Each word in the data below should be copied exactly; the images should not.
##### Given information
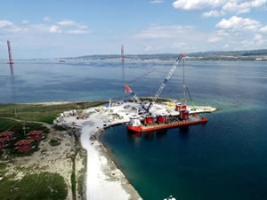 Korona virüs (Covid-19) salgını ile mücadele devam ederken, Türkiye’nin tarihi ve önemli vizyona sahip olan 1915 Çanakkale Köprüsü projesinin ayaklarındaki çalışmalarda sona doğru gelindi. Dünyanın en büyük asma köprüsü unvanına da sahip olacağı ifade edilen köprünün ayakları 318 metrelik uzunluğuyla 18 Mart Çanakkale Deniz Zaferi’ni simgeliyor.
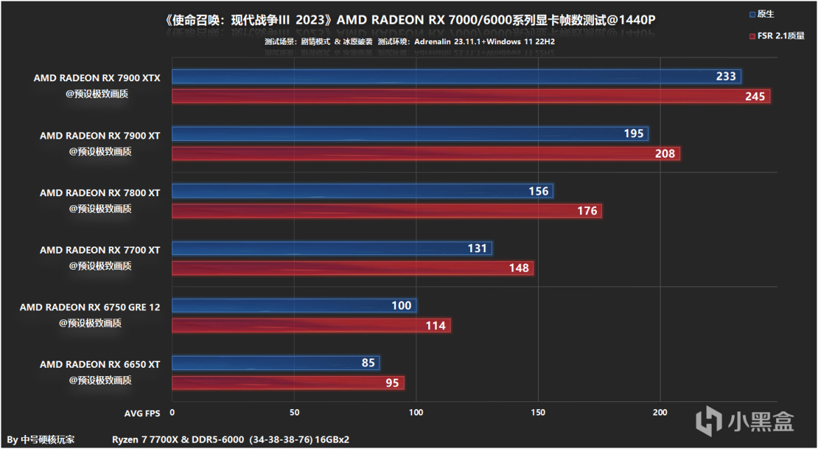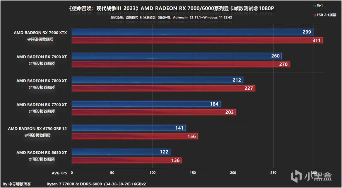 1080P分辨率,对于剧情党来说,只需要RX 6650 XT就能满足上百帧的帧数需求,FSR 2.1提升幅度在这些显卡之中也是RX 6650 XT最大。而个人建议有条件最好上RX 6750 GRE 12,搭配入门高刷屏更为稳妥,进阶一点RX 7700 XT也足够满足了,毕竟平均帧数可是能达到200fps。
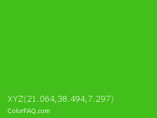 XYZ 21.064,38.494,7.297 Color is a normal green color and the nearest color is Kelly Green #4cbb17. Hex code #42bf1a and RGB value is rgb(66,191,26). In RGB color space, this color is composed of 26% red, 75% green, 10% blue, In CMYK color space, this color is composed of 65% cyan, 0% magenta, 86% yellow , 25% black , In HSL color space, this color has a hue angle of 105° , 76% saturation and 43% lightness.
##########
▶ [Finished exercise]
 Korona virüs (Covid-19) salgını ile mücadele devam ederken, Türkiye’nin tarihi ve önemli vizyona sahip olan 1915 Çanakkale Köprüsü projesinin ayaklarındaki çalışmalarda sona doğru gelindi. Dünyanın en büyük asma köprüsü unvanına da sahip olacağı ifade edilen köprünün ayakları 318 metrelik uzunluğuyla 18 Mart Çanakkale Deniz Zaferi’ni simgeliyor.
 1080P分辨率,对于剧情党来说,只需要RX 6650 XT就能满足上百帧的帧数需求,FSR 2.1提升幅度在这些显卡之中也是RX 6650 XT最大。而个人建议有条件最好上RX 6750 GRE 12,搭配入门高刷屏更为稳妥,进阶一点RX 7700 XT也足够满足了,毕竟平均帧数可是能达到200fps。
 XYZ 21.064,38.494,7.297 Color is a normal green color and the nearest color is Kelly Green #4cbb17. Hex code #42bf1a and RGB value is rgb(66,191,26). In RGB color space, this color is composed of 26% red, 75% green, 10% blue, In CMYK color space, this color is composed of 65% cyan, 0% magenta, 86% yellow , 25% black , In HSL color space, this color has a hue angle of 105° , 76% saturation and 43% lightness.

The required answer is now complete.